= Beginning of Section =

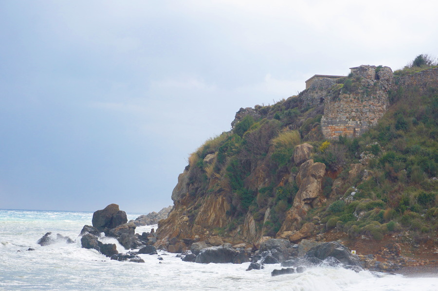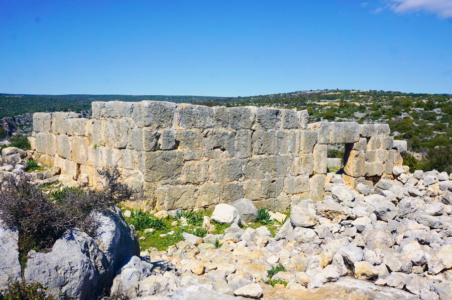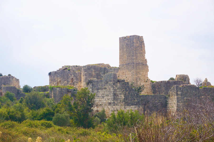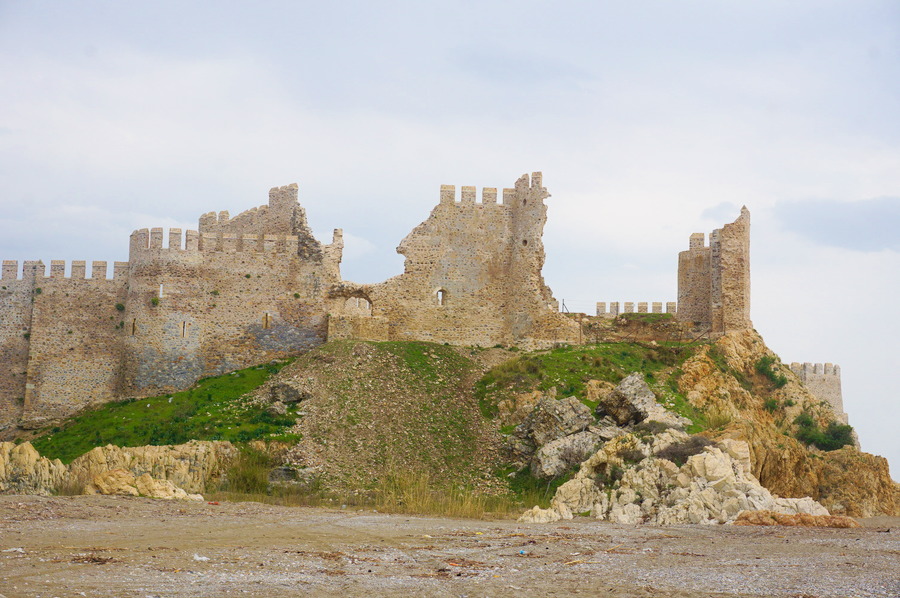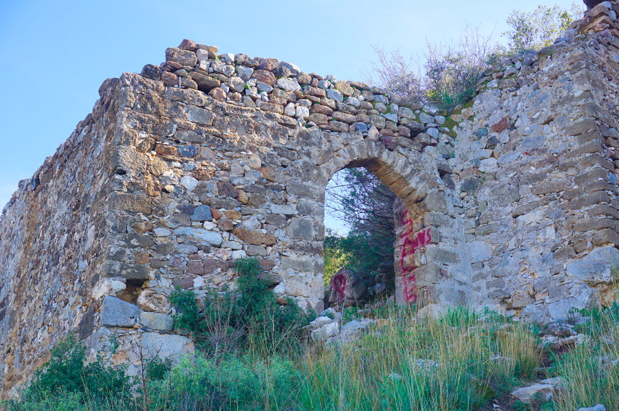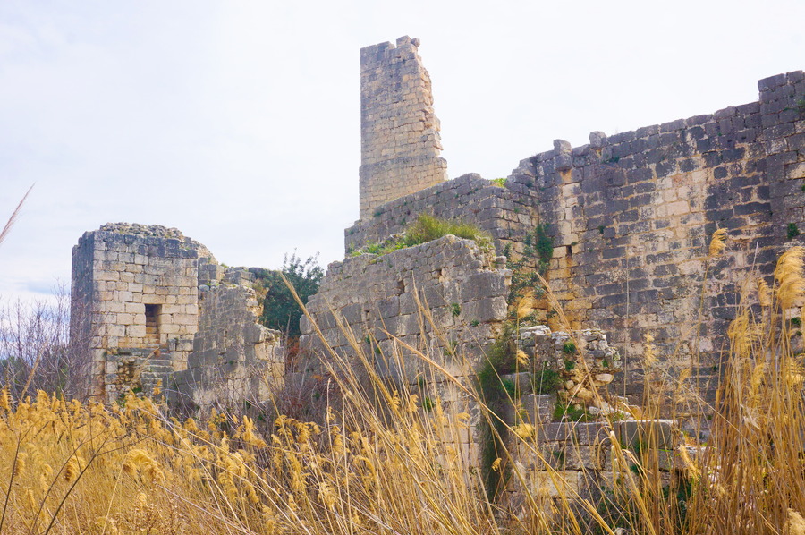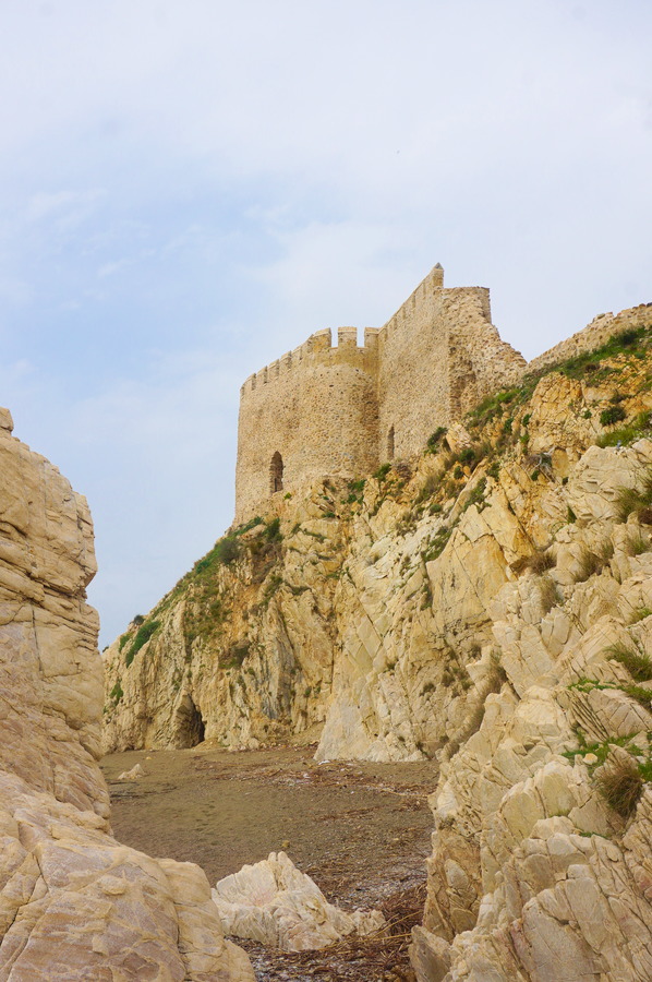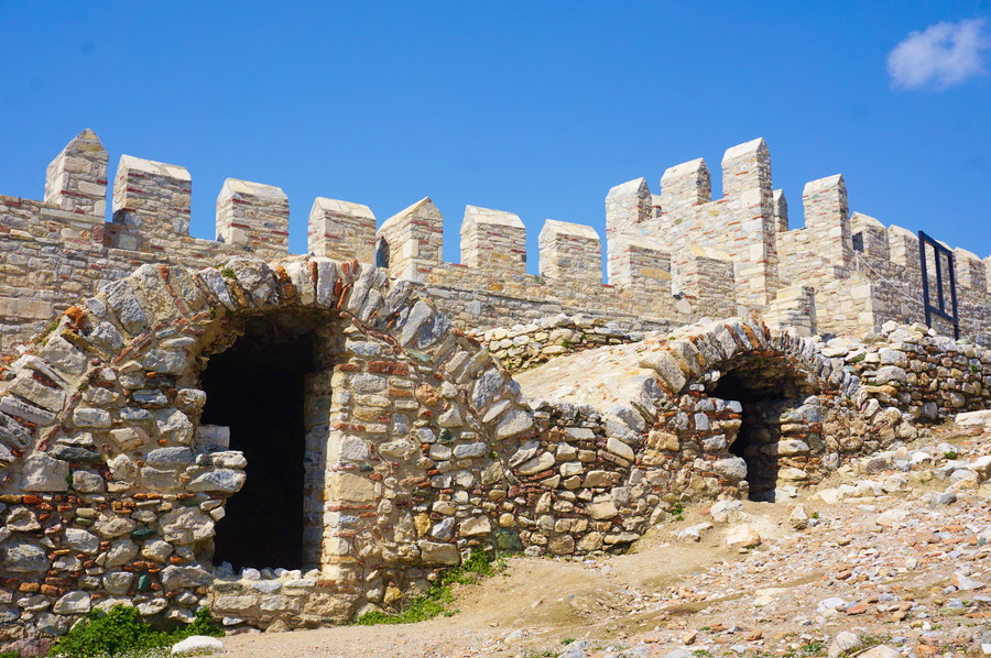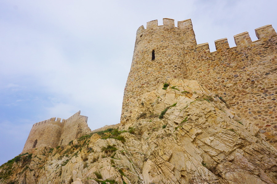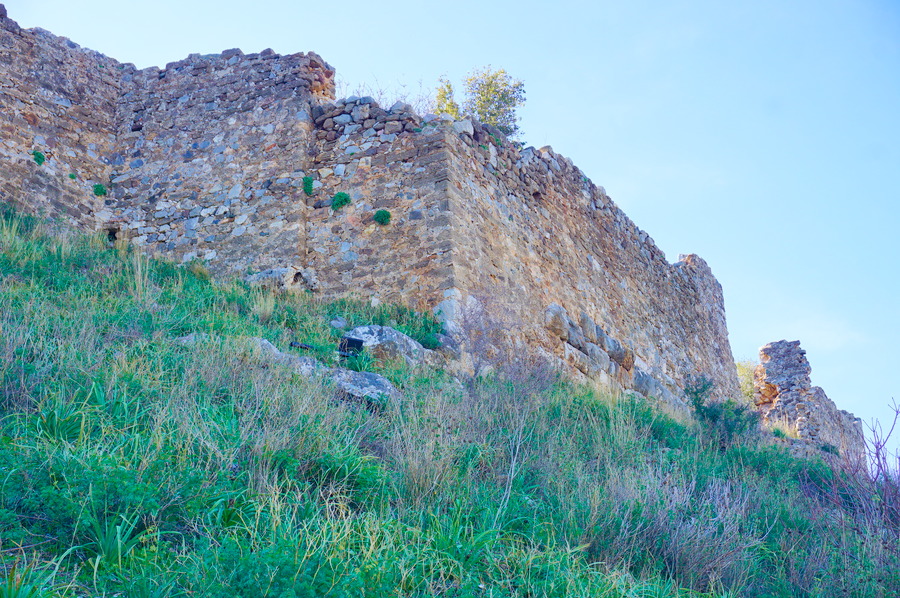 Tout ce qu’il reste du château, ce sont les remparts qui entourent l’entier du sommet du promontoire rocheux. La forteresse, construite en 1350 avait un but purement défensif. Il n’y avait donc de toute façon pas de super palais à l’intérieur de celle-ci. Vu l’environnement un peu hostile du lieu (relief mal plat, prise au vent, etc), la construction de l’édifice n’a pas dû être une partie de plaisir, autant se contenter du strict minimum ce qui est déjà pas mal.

= End of Section =
= Beginning of Section =

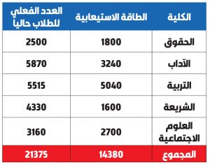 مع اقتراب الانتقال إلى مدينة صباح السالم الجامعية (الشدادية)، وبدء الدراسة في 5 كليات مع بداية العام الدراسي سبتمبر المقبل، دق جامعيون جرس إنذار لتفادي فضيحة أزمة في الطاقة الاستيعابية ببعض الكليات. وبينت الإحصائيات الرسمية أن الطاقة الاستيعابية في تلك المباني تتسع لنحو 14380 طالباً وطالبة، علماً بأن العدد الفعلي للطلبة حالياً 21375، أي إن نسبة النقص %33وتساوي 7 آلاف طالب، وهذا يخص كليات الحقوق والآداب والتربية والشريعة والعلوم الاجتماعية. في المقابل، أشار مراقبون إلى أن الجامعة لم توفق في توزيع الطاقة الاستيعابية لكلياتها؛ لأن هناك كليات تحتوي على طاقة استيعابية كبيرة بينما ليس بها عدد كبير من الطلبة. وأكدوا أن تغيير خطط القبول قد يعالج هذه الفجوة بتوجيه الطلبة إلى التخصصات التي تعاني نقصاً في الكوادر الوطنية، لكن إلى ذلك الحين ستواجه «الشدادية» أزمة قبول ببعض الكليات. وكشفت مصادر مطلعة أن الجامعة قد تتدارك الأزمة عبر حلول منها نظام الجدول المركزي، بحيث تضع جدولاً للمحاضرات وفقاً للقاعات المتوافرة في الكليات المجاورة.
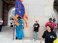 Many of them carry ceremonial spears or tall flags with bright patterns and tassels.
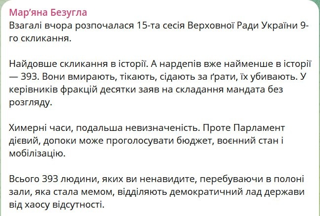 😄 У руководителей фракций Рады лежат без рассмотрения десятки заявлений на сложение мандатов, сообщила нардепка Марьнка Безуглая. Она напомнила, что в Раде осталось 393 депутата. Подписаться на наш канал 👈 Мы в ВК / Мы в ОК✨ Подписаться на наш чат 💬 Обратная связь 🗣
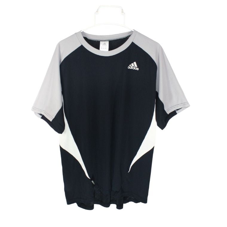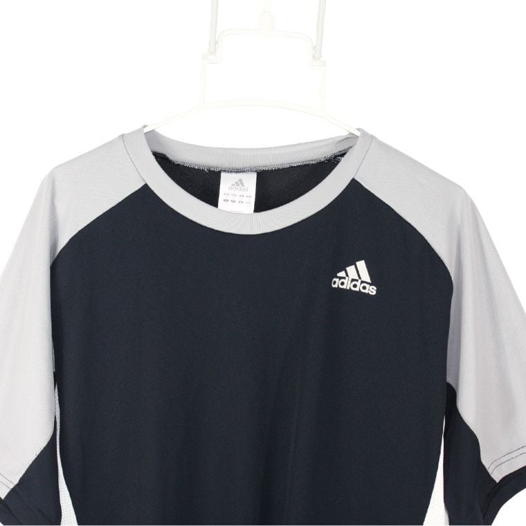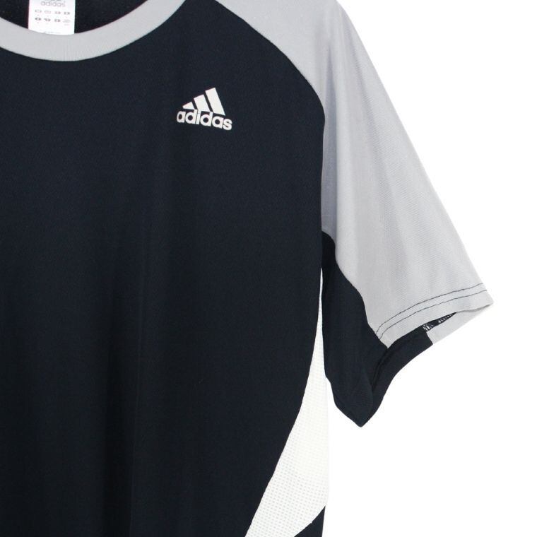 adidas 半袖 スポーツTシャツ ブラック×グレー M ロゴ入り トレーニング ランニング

= End of Section =

Problem requirements —
Taking the records above, print only and exactly the lines from the line with "Обратная связь 🗣" to the line with "adidas 半袖 スポーツTシャツ", both kept, and exclude pictures.

Completed exercise —
 😄 У руководителей фракций Рады лежат без рассмотрения десятки заявлений на сложение мандатов, сообщила нардепка Марьнка Безуглая. Она напомнила, что в Раде осталось 393 депутата. Подписаться на наш канал 👈 Мы в ВК / Мы в ОК✨ Подписаться на наш чат 💬 Обратная связь 🗣
 adidas 半袖 スポーツTシャツ ブラック×グレー M ロゴ入り トレーニング ランニング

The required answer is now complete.